WORK TO COMPLETE:
From the first line below to the last, reproduce the material exactly and leave out the images.

SOURCE MATERIAL:
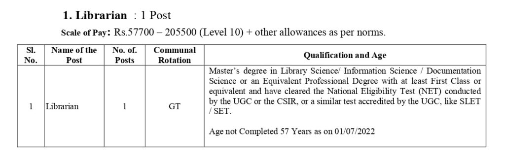 Master’s degree in Library Science/ Information Science / Documentation Science or an Equivalent Professional Degree with at least First Class or equivalent and have cleared the National Eligibility Test (NET) conducted by the UGC or the CSIR, or a Similar Test accredited by the UGC, like SLET / SET.
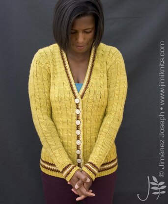 Cricket - an English sport with a long tradition and unique style. Jimi Cricket takes on this theme by featuring cables and ribbing, put together in this slimline cardigan. With deep v-neckline and fun colour combinations, this cardigan naturally flatters your shape while keeping you luxuriously warm.
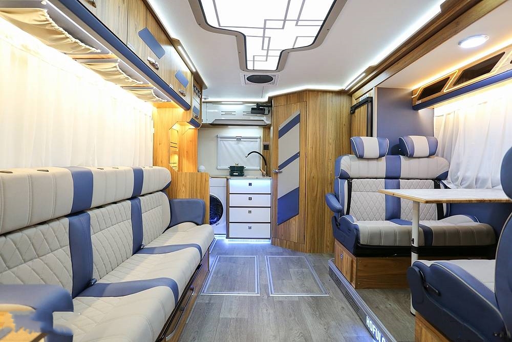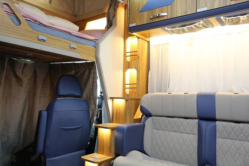 內飾方面,勇者房車內部采用藍白內飾風格作為全新的設計,有點海洋系的感覺。整體感覺來說,白藍配色觀感清新,加上原木色的板材飾面,更加原生態。吸頂式造型頂燈與四周吊柜造型相呼應,頂燈與氛圍燈帶相襯托的整體燈光效果,使得夜晚的車內空間充滿了居家溫馨感。布局方面,整車以額頭床+中置長條沙發+4人會客區+車尾廚房+衛生間布局,對于這款布局我們比較常見,但對于勇者這款房車來說,是第一次嘗試,側向沙發和4人會客區座椅全部來自于乘用車的座椅標準,安全性上得到了保證。

TASK RESULT:
 Master’s degree in Library Science/ Information Science / Documentation Science or an Equivalent Professional Degree with at least First Class or equivalent and have cleared the National Eligibility Test (NET) conducted by the UGC or the CSIR, or a Similar Test accredited by the UGC, like SLET / SET.
 Cricket - an English sport with a long tradition and unique style. Jimi Cricket takes on this theme by featuring cables and ribbing, put together in this slimline cardigan. With deep v-neckline and fun colour combinations, this cardigan naturally flatters your shape while keeping you luxuriously warm.
 內飾方面,勇者房車內部采用藍白內飾風格作為全新的設計,有點海洋系的感覺。整體感覺來說,白藍配色觀感清新,加上原木色的板材飾面,更加原生態。吸頂式造型頂燈與四周吊柜造型相呼應,頂燈與氛圍燈帶相襯托的整體燈光效果,使得夜晚的車內空間充滿了居家溫馨感。布局方面,整車以額頭床+中置長條沙發+4人會客區+車尾廚房+衛生間布局,對于這款布局我們比較常見,但對于勇者這款房車來說,是第一次嘗試,側向沙發和4人會客區座椅全部來自于乘用車的座椅標準,安全性上得到了保證。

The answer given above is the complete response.